Figure GDA0003893168840000061
wherein | · | charging 2 As a function of the Euler squared distance, D (f) i ;θ D ) Is input with a characteristic of f i True output of the temporal modal discriminative model, y i Is the expected output of the modal discrimination model and n represents the number of features. The cross entropy function adopted usually focuses more on guiding feature learning from the aspect of distribution, but the distinguishing model does not need strict learning of the distribution of true values, and the L of the invention adv The difference between the learning result and the truth value of the distinguishing model can be more directly guided by using the Euler power distance, so that the model is adjusted; meanwhile, the label y added at the front part can further select the value of the Euler power distance for guidance, so that the loss calculation is more accurate.
(2.3) calculating the similarity formula of the first branch image feature v and the first branch text feature t as follows:
Figure GDA0003893168840000062
and (4) utilizing a positive and negative example combination loss function to pull the distance between the features and the positive examples closer and push the distance between the features and the negative examples farther. The loss function is as follows:
Figure GDA0003893168840000063
Figure GDA0003893168840000064
L trip =L trip,v +L trip,t
in order to make the distance between the positive example and the negative example as far as possible and enable the model to generate features which fully represent the distance between the positive example and the negative example, the prior art uses a triple loss function and utilizes a max function to regulate and control the distance between the positive example and the negative example to be increased. The method directly calculates the difference value of the similarity of the positive case and the negative case, and regularizes by using the sum of the positive characteristic distance and the negative characteristic distance of the molecule, so that the distance between the positive case and the negative case can be directly increased; meanwhile, the positive and negative characteristic distance part of the numerator can control the weight of different positive and negative example combinations, and the distances of different positive and negative examples are different. With respect to the image of playing basketball in this embodiment,
Figure GDA0003893168840000065
namely that a group of players play basketball on a basketball court,
Figure GDA0003893168840000066
it is "one dancer dancing in a dance hall in a jazz".

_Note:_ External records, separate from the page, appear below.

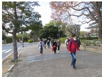
広島城公園ウォーキング
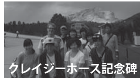
クレイジーホース記念碑
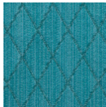
0484-16 FILIN - MALACHITE
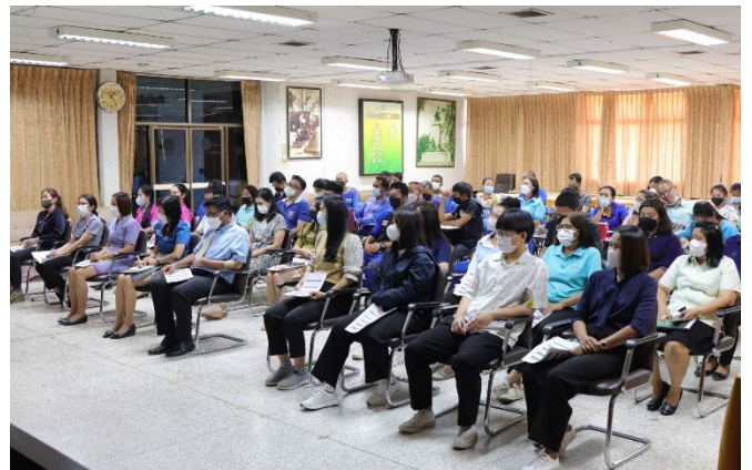
กิจกรรมปลูกจิตสำนึก สร้างวัฒนธรรมองค์กรให้เจ้าหน้าที่ของรัฐทุกคนปฏิเสธการรับของขวัญและของกำนัลทุกชนิดในขณะ/ก่อน/หลังปฏิบัติหน้าที่

(2.4) guiding the characteristics F (including images and texts) generated by the characteristic generation model by using a similarity regularization minimization loss function, and reducing the distance and loss of the image and text characteristics with the same semantics betterFunction L min Comprises the following steps:
Figure GDA0003893168840000067
Figure GDA0003893168840000071
L min =L min,v +L min,t
(2.5) for class distinctiveness within the learning modality, the first branch image feature v and the first branch text feature t are converted into class probabilities by a Softmax function p. Defining a probability normalization loss function L label
Figure GDA0003893168840000072
The cross entropy function generally employed is too single, L of the present invention label The truth value l and the generated characteristics are comprehensively considered, the difference of the distribution of the truth value l and the generated characteristics can be better described by using the mean value of the truth value l and the generated characteristics, the generated characteristics are prevented from being over-fitted to the truth value, and therefore a more accurate distribution gap is given.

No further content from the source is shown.